Retype, word for word, every line from the one holding "奠基和開啟涂料化學科技新時代——戴濟《油漆》出版100年回視" through the one holding "Cute Japanese traditional" in the entries below, both included, and only those lines.

### Source records

★ ★ ★ ★

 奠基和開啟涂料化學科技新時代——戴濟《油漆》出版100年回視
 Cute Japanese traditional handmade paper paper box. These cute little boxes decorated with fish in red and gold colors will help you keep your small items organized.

★ ★ ★ ★

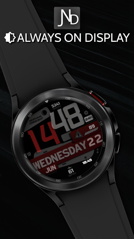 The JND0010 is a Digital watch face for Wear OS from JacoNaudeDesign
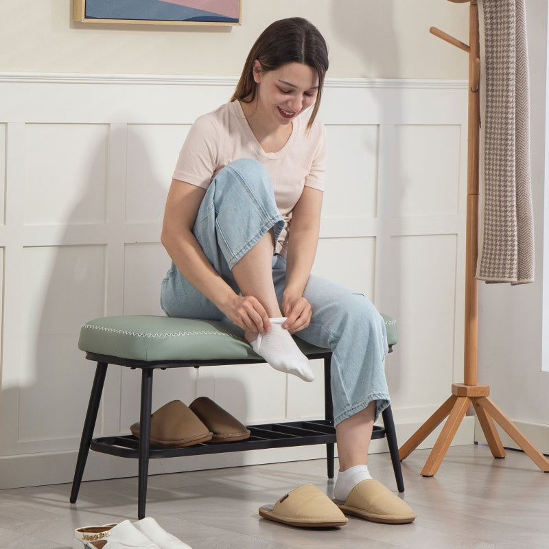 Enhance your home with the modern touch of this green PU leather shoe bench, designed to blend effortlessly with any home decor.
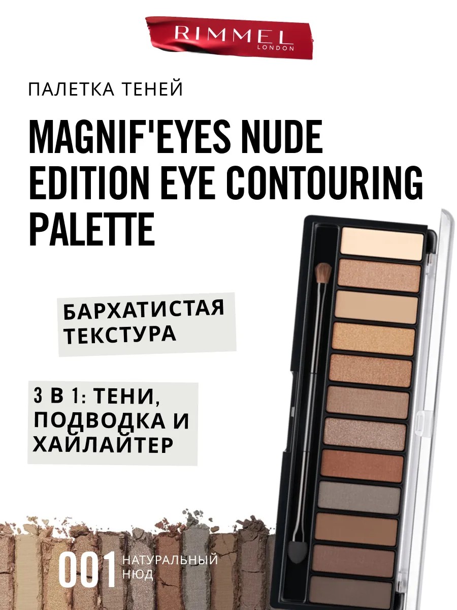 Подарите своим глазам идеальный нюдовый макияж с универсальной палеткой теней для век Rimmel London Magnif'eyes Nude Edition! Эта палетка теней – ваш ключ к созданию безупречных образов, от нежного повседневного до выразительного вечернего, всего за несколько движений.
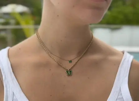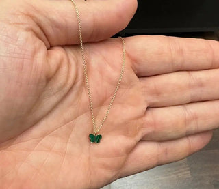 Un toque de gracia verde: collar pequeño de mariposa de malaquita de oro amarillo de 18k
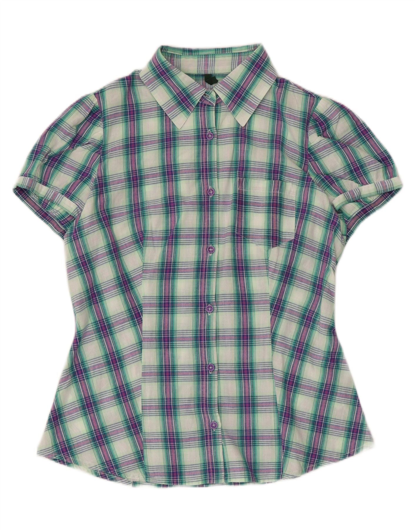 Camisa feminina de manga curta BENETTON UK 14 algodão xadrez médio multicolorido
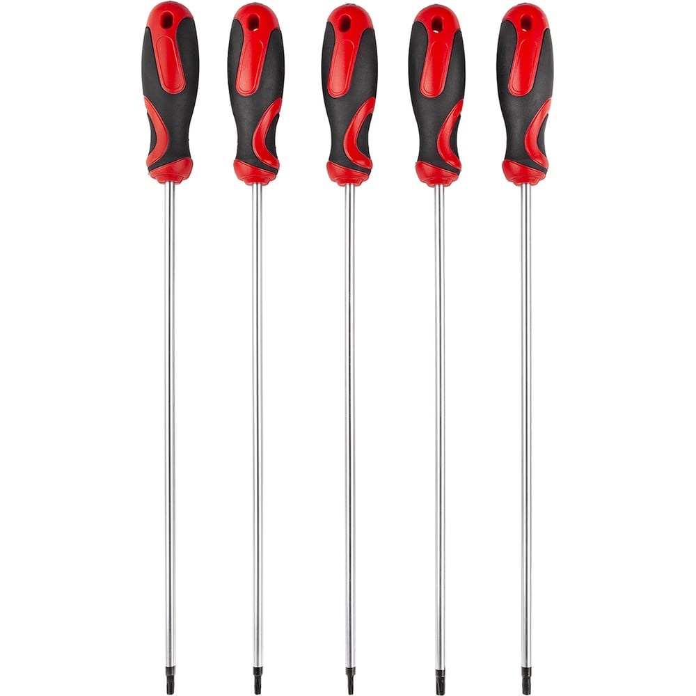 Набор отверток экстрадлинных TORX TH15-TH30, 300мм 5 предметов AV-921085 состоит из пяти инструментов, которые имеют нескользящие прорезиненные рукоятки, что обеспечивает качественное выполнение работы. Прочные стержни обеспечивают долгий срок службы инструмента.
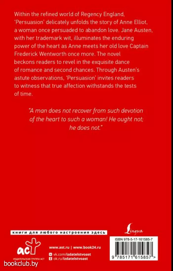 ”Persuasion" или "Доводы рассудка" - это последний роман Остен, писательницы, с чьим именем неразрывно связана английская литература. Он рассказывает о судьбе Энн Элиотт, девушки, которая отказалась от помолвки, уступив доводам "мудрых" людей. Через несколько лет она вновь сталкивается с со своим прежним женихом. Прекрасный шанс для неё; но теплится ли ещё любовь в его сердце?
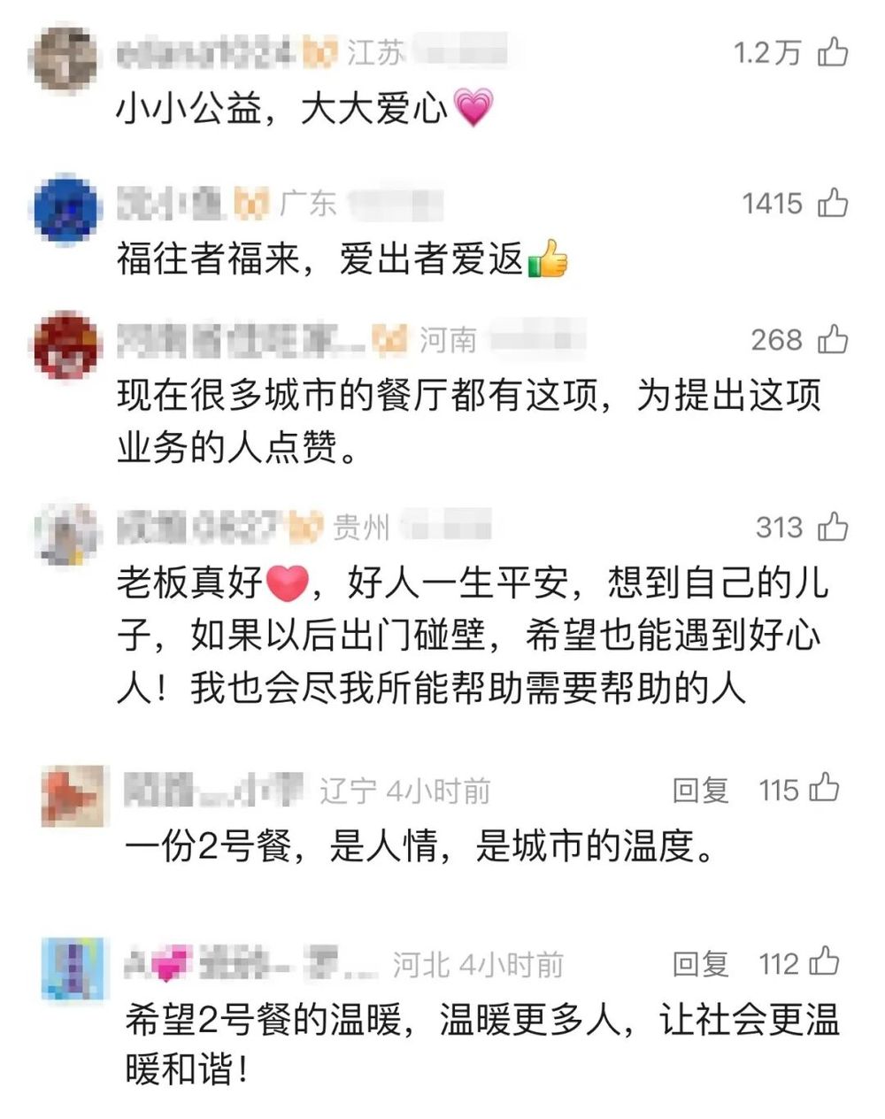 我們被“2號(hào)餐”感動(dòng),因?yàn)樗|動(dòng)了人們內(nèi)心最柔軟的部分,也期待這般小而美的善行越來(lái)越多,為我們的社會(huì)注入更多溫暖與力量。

★ ★ ★ ★

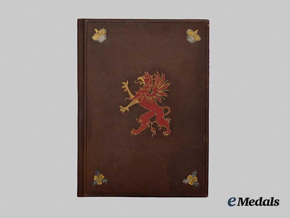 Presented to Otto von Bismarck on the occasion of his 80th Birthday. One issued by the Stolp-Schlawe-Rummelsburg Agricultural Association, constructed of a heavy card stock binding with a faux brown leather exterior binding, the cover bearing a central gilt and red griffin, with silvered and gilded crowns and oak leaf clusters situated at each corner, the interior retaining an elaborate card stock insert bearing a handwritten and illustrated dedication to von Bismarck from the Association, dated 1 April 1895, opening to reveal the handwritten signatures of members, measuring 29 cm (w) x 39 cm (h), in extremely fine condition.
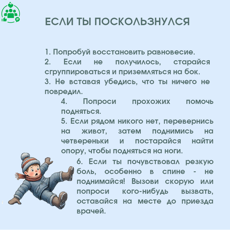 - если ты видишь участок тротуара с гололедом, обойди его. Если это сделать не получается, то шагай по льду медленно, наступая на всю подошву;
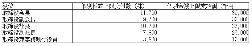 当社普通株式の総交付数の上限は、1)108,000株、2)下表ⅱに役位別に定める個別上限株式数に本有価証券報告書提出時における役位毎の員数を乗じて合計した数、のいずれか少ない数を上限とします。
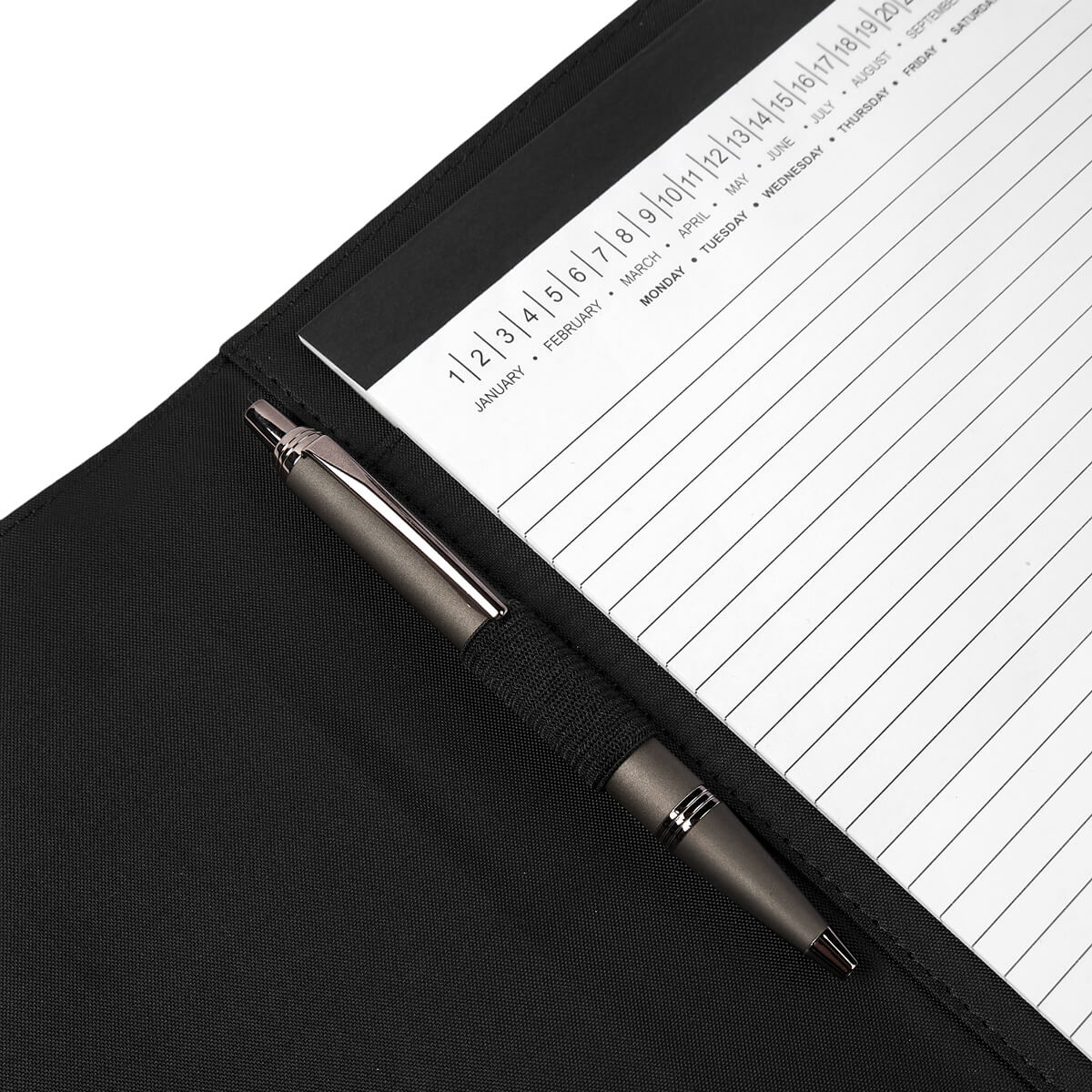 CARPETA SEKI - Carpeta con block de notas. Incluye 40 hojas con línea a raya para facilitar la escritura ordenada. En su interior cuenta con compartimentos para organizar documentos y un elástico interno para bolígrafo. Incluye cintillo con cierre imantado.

★ ★ ★ ★

### Answer to this problem
 奠基和開啟涂料化學科技新時代——戴濟《油漆》出版100年回視
 Cute Japanese traditional handmade paper paper box. These cute little boxes decorated with fish in red and gold colors will help you keep your small items organized.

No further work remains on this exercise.